YOUR INSTRUCTIONS: Only one stretch of the data below should be repeated: the lines from the line containing "وشوال وذو القعدة.." through the line containing "Nouvelle chaise dans", inclusive, exactly as they are.

THE INPUT:
────────────────────────────────────────
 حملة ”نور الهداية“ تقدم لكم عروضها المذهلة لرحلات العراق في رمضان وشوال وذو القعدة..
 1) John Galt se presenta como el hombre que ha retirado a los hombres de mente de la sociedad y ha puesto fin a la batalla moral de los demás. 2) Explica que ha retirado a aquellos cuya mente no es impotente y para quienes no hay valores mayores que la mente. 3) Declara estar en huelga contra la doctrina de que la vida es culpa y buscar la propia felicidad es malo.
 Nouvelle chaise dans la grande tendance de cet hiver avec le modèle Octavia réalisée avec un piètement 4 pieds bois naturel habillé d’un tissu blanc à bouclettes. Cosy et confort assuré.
────────────────────────────────────────
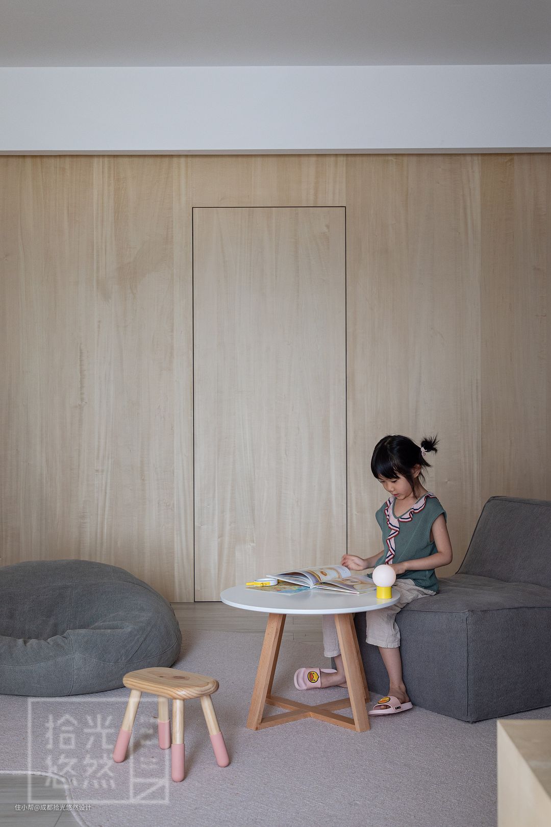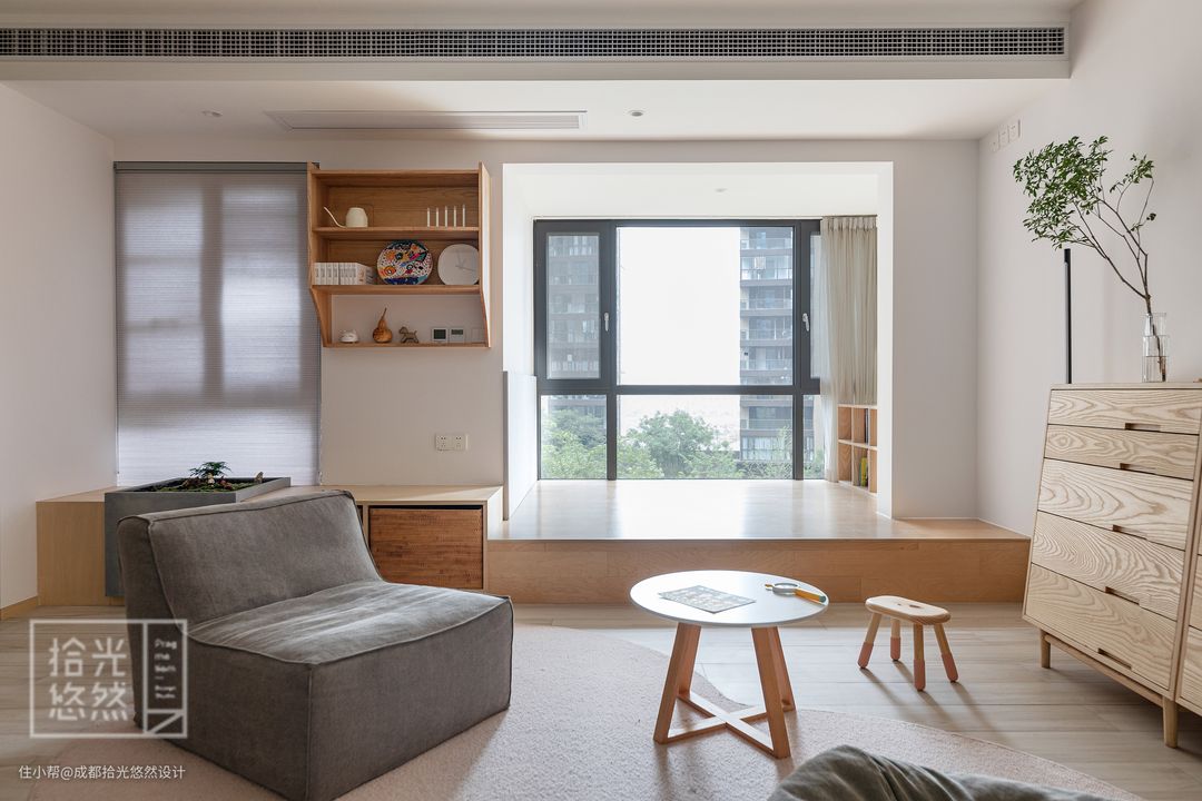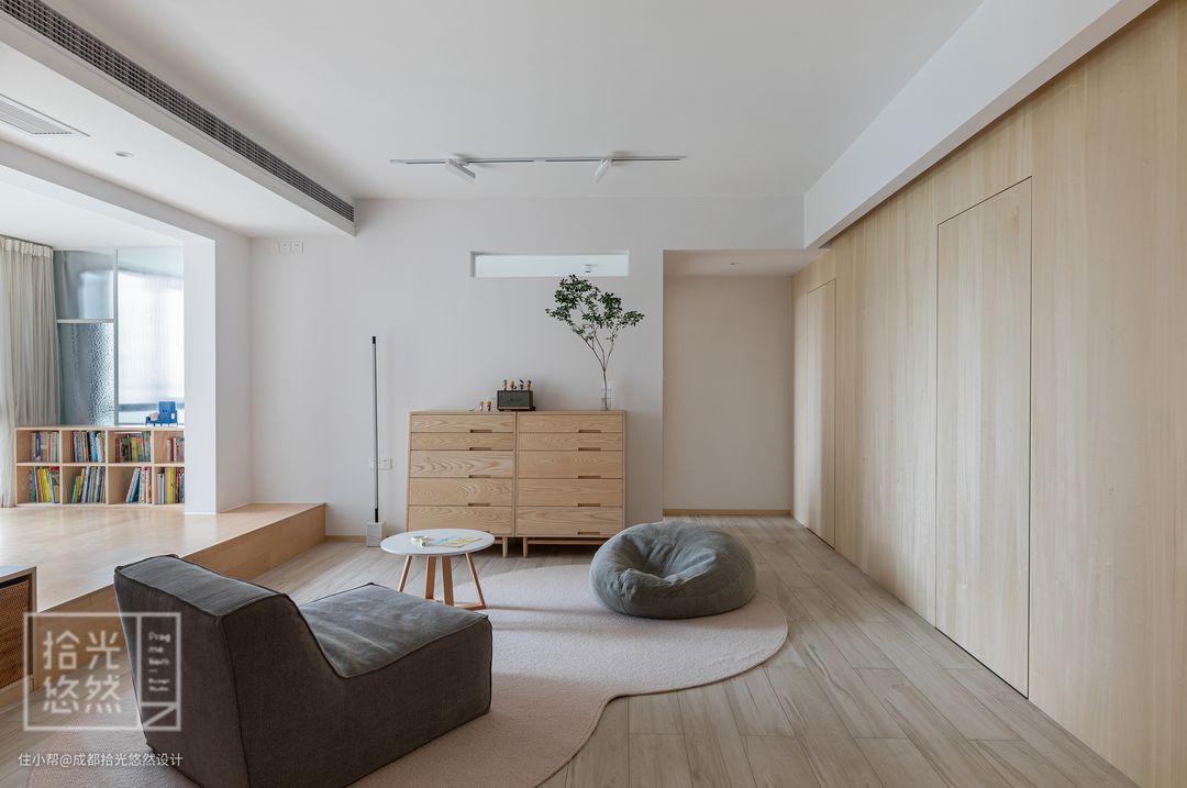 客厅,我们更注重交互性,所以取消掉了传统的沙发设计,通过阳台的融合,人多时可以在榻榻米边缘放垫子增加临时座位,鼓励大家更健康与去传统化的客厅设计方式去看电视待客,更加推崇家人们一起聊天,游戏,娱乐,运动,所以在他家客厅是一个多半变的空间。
────────────────────────────────────────
TASK OUTPUT:
 حملة ”نور الهداية“ تقدم لكم عروضها المذهلة لرحلات العراق في رمضان وشوال وذو القعدة..
 1) John Galt se presenta como el hombre que ha retirado a los hombres de mente de la sociedad y ha puesto fin a la batalla moral de los demás. 2) Explica que ha retirado a aquellos cuya mente no es impotente y para quienes no hay valores mayores que la mente. 3) Declara estar en huelga contra la doctrina de que la vida es culpa y buscar la propia felicidad es malo.
 Nouvelle chaise dans la grande tendance de cet hiver avec le modèle Octavia réalisée avec un piètement 4 pieds bois naturel habillé d’un tissu blanc à bouclettes. Cosy et confort assuré.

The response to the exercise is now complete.